Data provided:

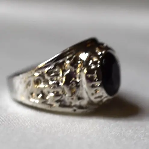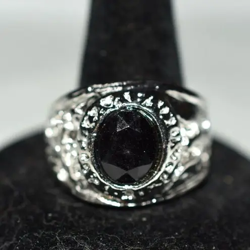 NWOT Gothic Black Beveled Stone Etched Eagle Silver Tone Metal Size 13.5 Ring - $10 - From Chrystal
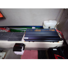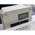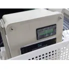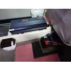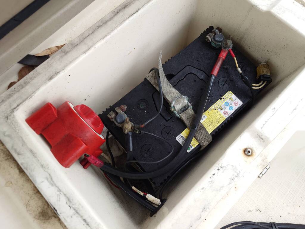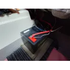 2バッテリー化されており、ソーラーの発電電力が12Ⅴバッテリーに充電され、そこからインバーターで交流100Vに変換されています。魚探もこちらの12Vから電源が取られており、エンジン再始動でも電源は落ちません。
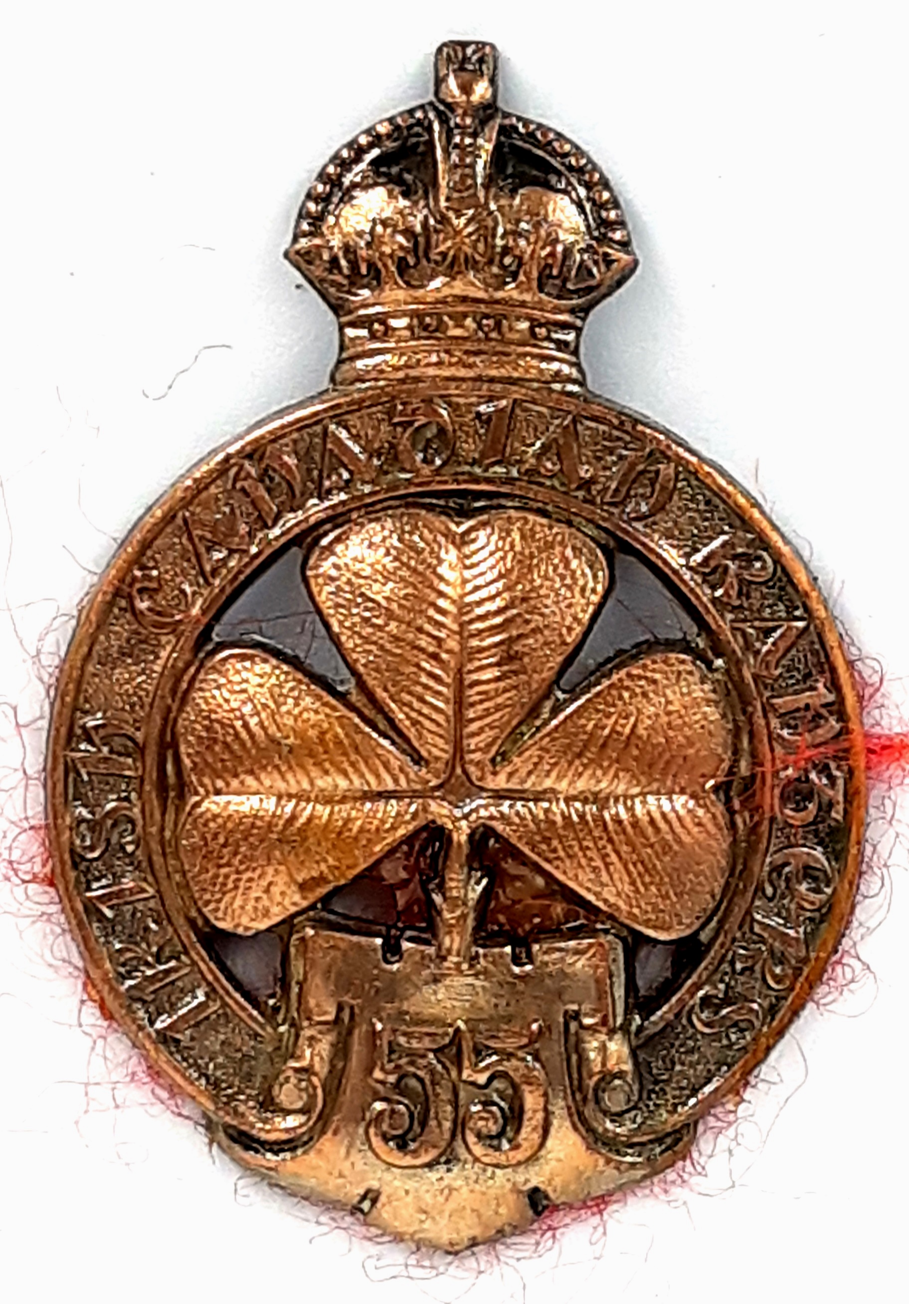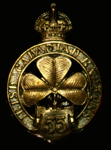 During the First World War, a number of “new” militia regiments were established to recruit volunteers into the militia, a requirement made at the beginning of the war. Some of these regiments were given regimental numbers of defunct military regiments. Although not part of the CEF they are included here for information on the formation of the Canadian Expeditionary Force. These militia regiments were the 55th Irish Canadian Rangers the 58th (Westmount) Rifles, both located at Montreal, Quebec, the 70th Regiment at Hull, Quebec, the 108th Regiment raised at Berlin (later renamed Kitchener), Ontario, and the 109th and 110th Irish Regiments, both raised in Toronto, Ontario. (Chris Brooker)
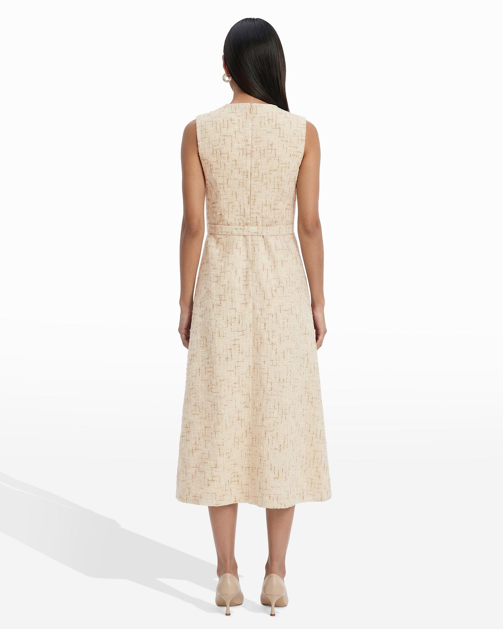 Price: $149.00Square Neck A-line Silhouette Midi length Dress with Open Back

Task prompt:
Output all of the data above exactly; no pictures should appear.

Written answer:
 NWOT Gothic Black Beveled Stone Etched Eagle Silver Tone Metal Size 13.5 Ring - $10 - From Chrystal
 2バッテリー化されており、ソーラーの発電電力が12Ⅴバッテリーに充電され、そこからインバーターで交流100Vに変換されています。魚探もこちらの12Vから電源が取られており、エンジン再始動でも電源は落ちません。
 During the First World War, a number of “new” militia regiments were established to recruit volunteers into the militia, a requirement made at the beginning of the war. Some of these regiments were given regimental numbers of defunct military regiments. Although not part of the CEF they are included here for information on the formation of the Canadian Expeditionary Force. These militia regiments were the 55th Irish Canadian Rangers the 58th (Westmount) Rifles, both located at Montreal, Quebec, the 70th Regiment at Hull, Quebec, the 108th Regiment raised at Berlin (later renamed Kitchener), Ontario, and the 109th and 110th Irish Regiments, both raised in Toronto, Ontario. (Chris Brooker)
 Price: $149.00Square Neck A-line Silhouette Midi length Dress with Open Back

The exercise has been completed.